THE PROBLEM:
When you reach the line that contains "curl -s -X POST", please begin copying, and carry on exactly to the last line of the material, leaving out every picture.

COLLECTED DATA:
------------------------------------------------------------------------
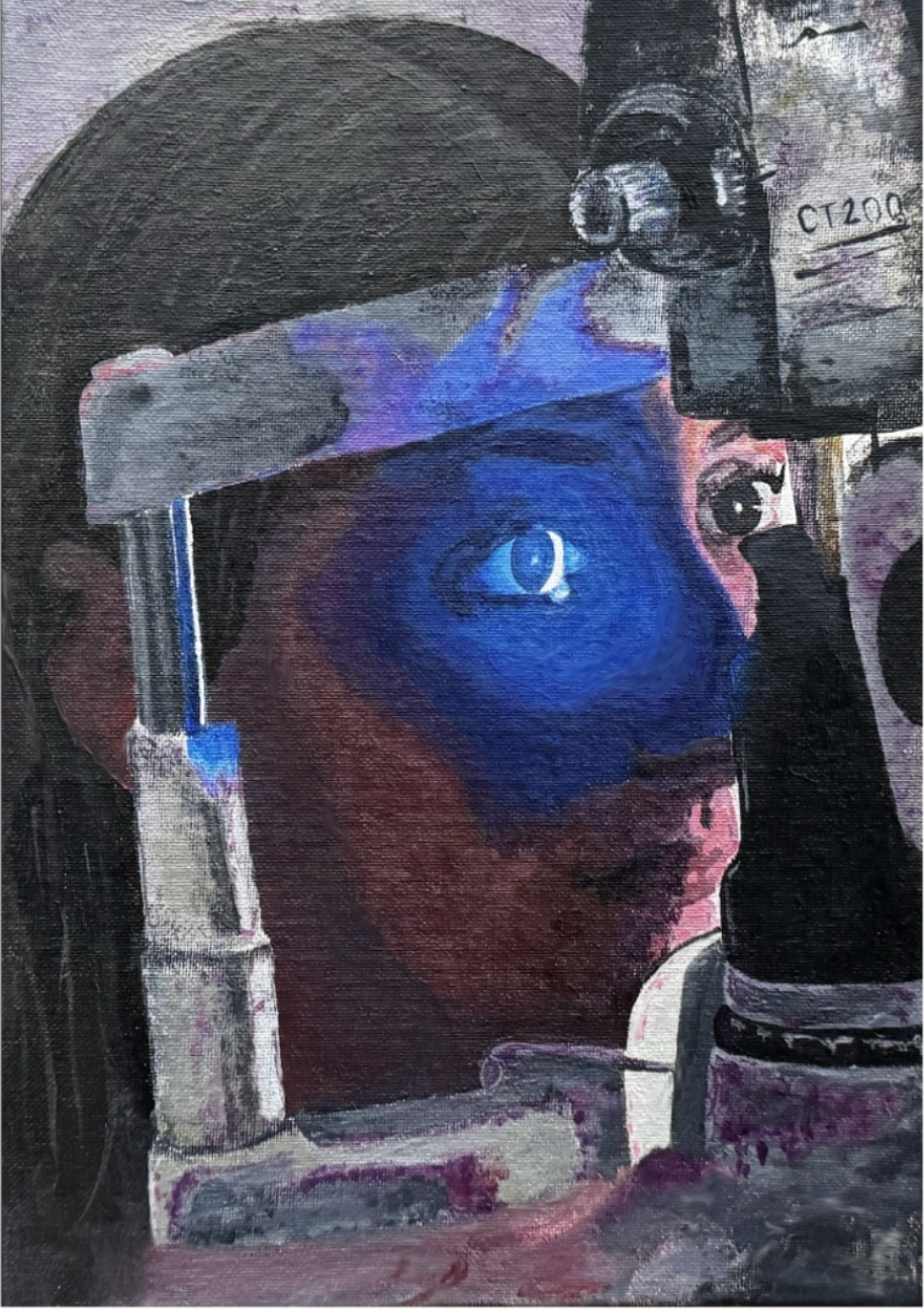 This piece represents my experience sitting in the eye doctor’s chair, a moment that used to bring me both anxiety and curiosity. I wanted to capture how something so ordinary could feel so personal and intense. Painting this helped me see beauty in a process that once made me feel vulnerable.
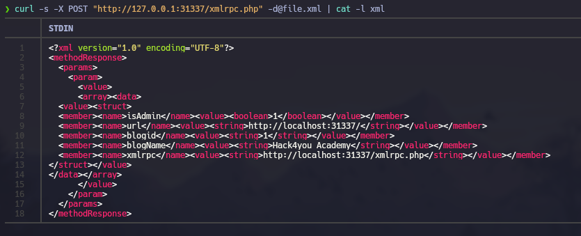 curl -s -X POST "http://127.0.0.1:31337/xmlrpc.php" -d@file.xml | cat -l xml
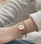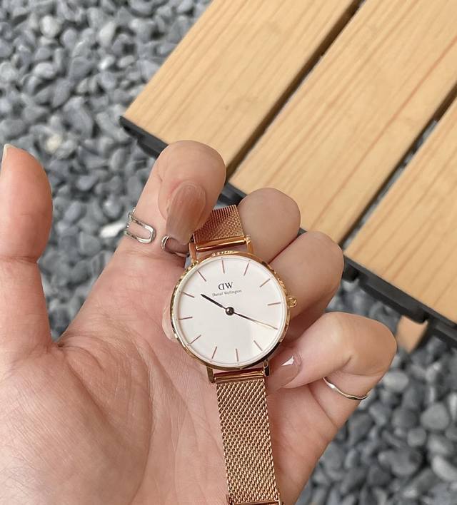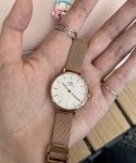 . The full name of the watch is Dw Moonlight White Gold Watch. The white dial and gold strap are combined together, which is a very high-end color combination. It also came with a Dw 520 limited edition pink jewelry box. It
------------------------------------------------------------------------
WRITTEN ANSWER:
 curl -s -X POST "http://127.0.0.1:31337/xmlrpc.php" -d@file.xml | cat -l xml
 . The full name of the watch is Dw Moonlight White Gold Watch. The white dial and gold strap are combined together, which is a very high-end color combination. It also came with a Dw 520 limited edition pink jewelry box. It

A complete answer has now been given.